Building a Low-Input Sheep System at The Pink Pig

Anna Jackson manages a flock of around 70 Romney–Lleyn sheep under the Pasture for Life scheme. Her approach is firmly low-input: no tailing, minimal interventions, and outdoor lambing. The flock is mob-grazed, moving every one to two days depending on conditions, and grazing wheat over winter. A recent fencing grant has enabled the integration of sheep into arable ground, supporting a whole-farm rotational system.
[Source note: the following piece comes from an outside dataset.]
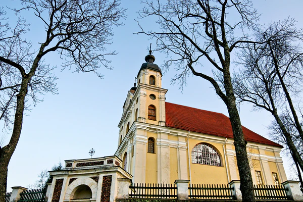 От барочного классицизма во второй половине XVIII века в некоторых архитектурных проявлениях были попытки перейти к «чистому» классицизму, ориентированному на зодчество Древнего Рима. Первым примером античного стиля на землях Великого княжества Литовского стал костёл в Жирмунтах (1788) близ города Лида, построенный придворным архитектором Радзивиллов Яном Подчашинским. В бернардинском костёле (1765) литовского городка Тельшяй видны первые признаки классицизма: это безбашенный фронтонный костёл купольно-центрической композиции. Схож с ним костёл в ансамбле монастыря ордена камальдулов в Пажайслисе (1667—1712), архитекторы Л. Фредо и братья К. Путини и П. Путини. К этому стилю относятся и костёл монастыря визитанток (1729—1744) архитектора Юзефа Поля[128], и церковь Марии Магдалины в Вильнюсе.
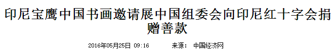 5月24日上午,在雅加达印尼红十字会总部,宝鹰股份董事长古少波代表印尼宝鹰中国书画邀请展中国组委会向印尼红十字会捐赠了20亿印尼盾善款。印尼副总统、印尼红十字会总主席卡拉见证捐赠并发表致辞。

Anna’s sheep enterprise isn’t just about meat production — although quarter lamb boxes, sold through the on-site shop, sell out annually. “I know my customers and my margins,” Anna explains. “I can build those figures directly into the business plan each year.” The flock’s real value lies in what it contributes to the wider farm system: disease control, nutrient cycling, and soil health.

One striking example came when a wheat crop was hit by disease. “We grazed it hard — it didn’t look like a crop anymore,” says Anna. “But it came back clean and healthy. If I can manage the flock  without buying inputs, it makes financial and agronomic sense.”

Rotation, Resilience, and the Role of Grass

The Pink Pig’s six-year rotation — two years of grass for seed, followed by oats, wheat, beans, and wheat — is designed for flexibility. “The grass adds organic matter and provides a rest period for the arable crops,” says Anna. “If a crop needs a break, the sheep can go back in. It’s a balancing act.”

Grass also helps manage blackgrass and other weeds. “If we see a problem field, it goes into grass for two years,” Anna notes. “Grazing sorts it. Soil health is our bigger challenge.”Although the arable enterprise remains the main profit driver, the sheep earn their place by improving crop performance and building resilience into the system. Anna is now exploring self-shedding breeds to further reduce labour demands. “The Romneys have been brilliant — easy lambing, low input. I love working with the flock, and I want to keep it that way: simple and stress-free.”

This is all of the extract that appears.